# 14ft MirroCraft Mod



## Sako (Feb 22, 2009)

Hello to all, 
I am new to the site and want to start off by thanking everybody who contributes for giving me the motivation to look for a "tin boat" to modify. I have a canoe and a 10.6 Waterquest ( purchased last spring). Well, I started to look around for a flat bottom Jon but could not find one used at least 48" wide to build a casting deck. I asked a friend who is into boating and sure enough, we found his first boat ( a 14ft MirroCraft)that he had given to his brother years ago. He told me last time he saw it, it was in his brothers yard full of junk and a dead dear. His brother still had it and it was donated to me. The trailer had seen better days so I left it there for now. I will get it soon and get it back into shape. Man the boat was full of rotten smelling leaves, mud, probably deer guts and so on. It had a rotting floor in place which was supported by that two inch insulation board. What I have done do far is cut out the old floor and cleaned it up best I could with a deck brush and some Ajax ( hope that was OK). I also removed the sid eplates of the middle seat and the floatation that was there. I ordered some aluminum angle from Speedymetals.com. Their prices looked much better than HDepot. The weather here is miserable and barely gets over 30degrees. I went to the car wash to clean it out. It did not have a motor, so I have been on the hunt. Just today, i think I made a score, at least I hope so. I bought off Craigs List a 9.8hp Mercury 110. The guy told me that it was his father's since new in 1969 and had been maintained very well. He said it was garaged four years ago and not used since. I think I should get it serviced. You will see in the pic's that I thinks the fuel's receiver?? snapped off into the fuel line. Is that going to be a problem?? It may be a 1968. I only say because the last two on the serial# is 68.

I would appreciate any input. My plan is to put a casting deck from the rear of the middle seat to the bow. Install a foot control MinnKota on the bow. Once I really get going, I will be very focused. I want it done by spring. Thank You, Sako
https://s709.photobucket.com/albums/ww99/sarkis/


----------



## Captain Ahab (Feb 22, 2009)

Welcome aboard - that boat will make a great ride


i have a MirrorCraft as well and they make a fine boat


Post your Pics about the motor and I know a few of our members will be able to help


----------



## Sako (Feb 22, 2009)

I was wondering if anybody can give me advise on what to do next to test the motor. I think I should take it somewhere to be serviced but I am new to gas outboards and do not want to get over charged. How much should a tune-up be?
I only have experience with transom mount trolling motors. You can see in one of the pics of the motor that it looks like a piece from where the gas line connects from the tank to the front of the motor snapped off in the line. Can I replace that myself so I can at least try to start it up.


----------



## Sako (Feb 22, 2009)

Sorry guys. I just realized I should have posted the motor question on the motor talk section. Please fell free to give input anyway. I appreciate it.


----------



## ben2go (Feb 23, 2009)

Bassboy will be along later to give good advice.


----------



## Sako (Feb 23, 2009)

Thanks, I will be looking forward to hearing bassboy's advise.


----------



## Nippissinger (Mar 20, 2009)

Hi. Tuneups can run from $50.00 to an astronomical amount. It depends on who does it and what is needed to get her tuned.
Plugs and changing the lower end gear oil is the cheapest next to nothing.

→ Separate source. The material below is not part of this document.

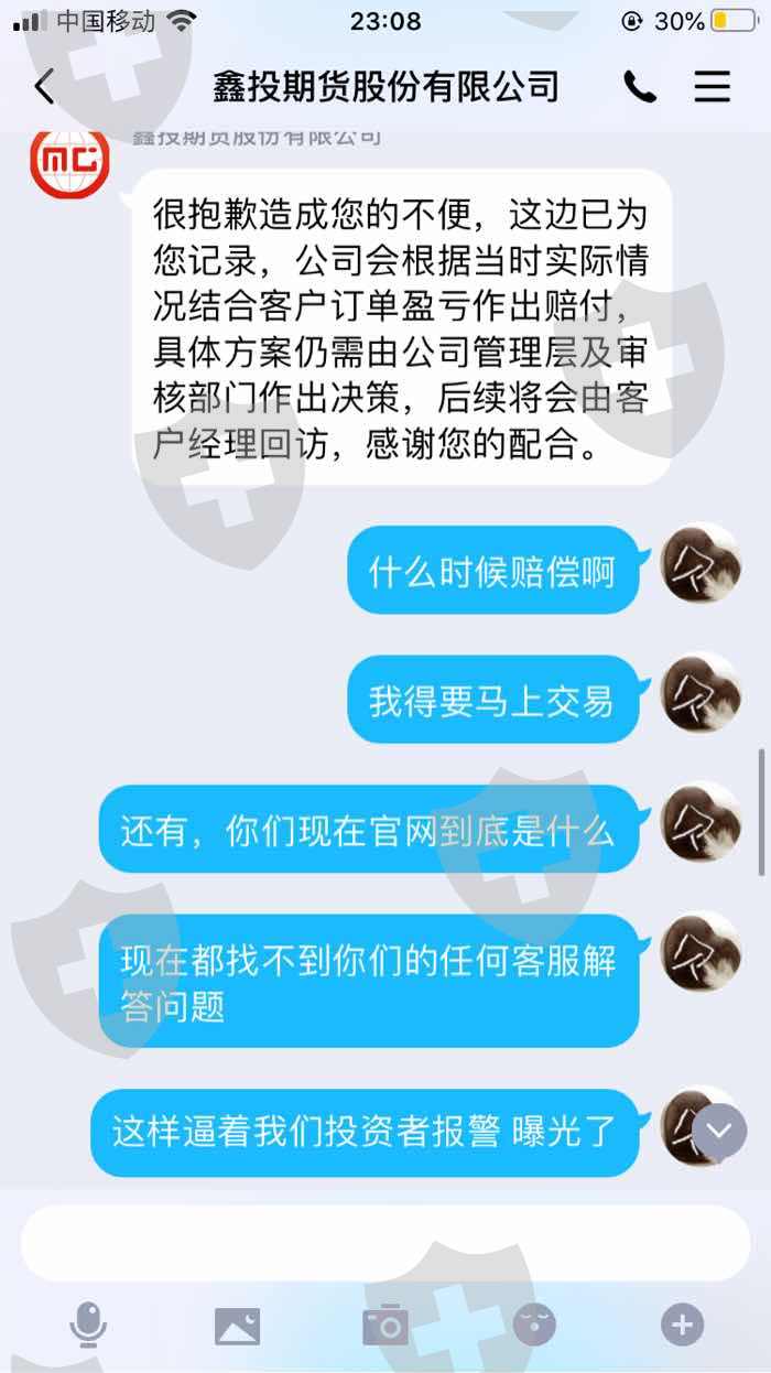 鑫圣投资欺骗投资者!5月18日晚间服务器连接不上,给我造成巨大损失!

Then there's the magneto, coil pack, impeller/water pump, carburetor, head gasket and the list can grow...
But never fear, 2 strokers are kinda simple and relatively cheap except of course the dinasours.

Nice boat. I too am a proud Mirro owner. I am however an OMC fan also but a good start in servicing a 2 stroker is to pop the hood and have a look around. I always look for rust or corrosion on any electrical and moving parts. 
You will need a water source to ensure you don't overheat the engine once she starts...
I have 2 short shaft small outboards so I like to use a plastic barrel cut down a third and a makeshift stand to mount her on so the bottom end is submerged.

Now you can be safe and drop a wrench on the flywheel nut to make sure she will turn over. Always turn slow so you don't damage anything...If she is stubborn then STOP!!!!

I wouldn't suggest you try starting until you check all the fluids like the lower end, and the fuel mixture.
I was lucky enough to find manuals for both my old girls and my '84 Johnny 8hp was not cheap. I am a believer in manuals as they will tell and show you where everything is and how to disassembly and re-assemble properly.

The main thing with outboard is the cooling. There are vents in the bottom end that suck up water via the impeller which is a rubber cog that spins and draws water up through the shaft and pushes it through the water jets cooling the engine and then exiting out the exit port at the (piss hole) rear under the engine base as we call it.

You can safely pull the plug to check its condition. If it looks good and the flywheel/engine turns over freely and the lower end gear oil is a nice clean color with no signs of milk in it, and the prop/lower end is fully submerged in water, give the cord a pull and see what happens...

Don't get discouraged if it won't fire. If you don't know the history of her then there are a few things it could be...

I hope this novel hasn't bored anyone? I am a detailist...LOL..
Really anxious to here how you made out....

Nipper...


----------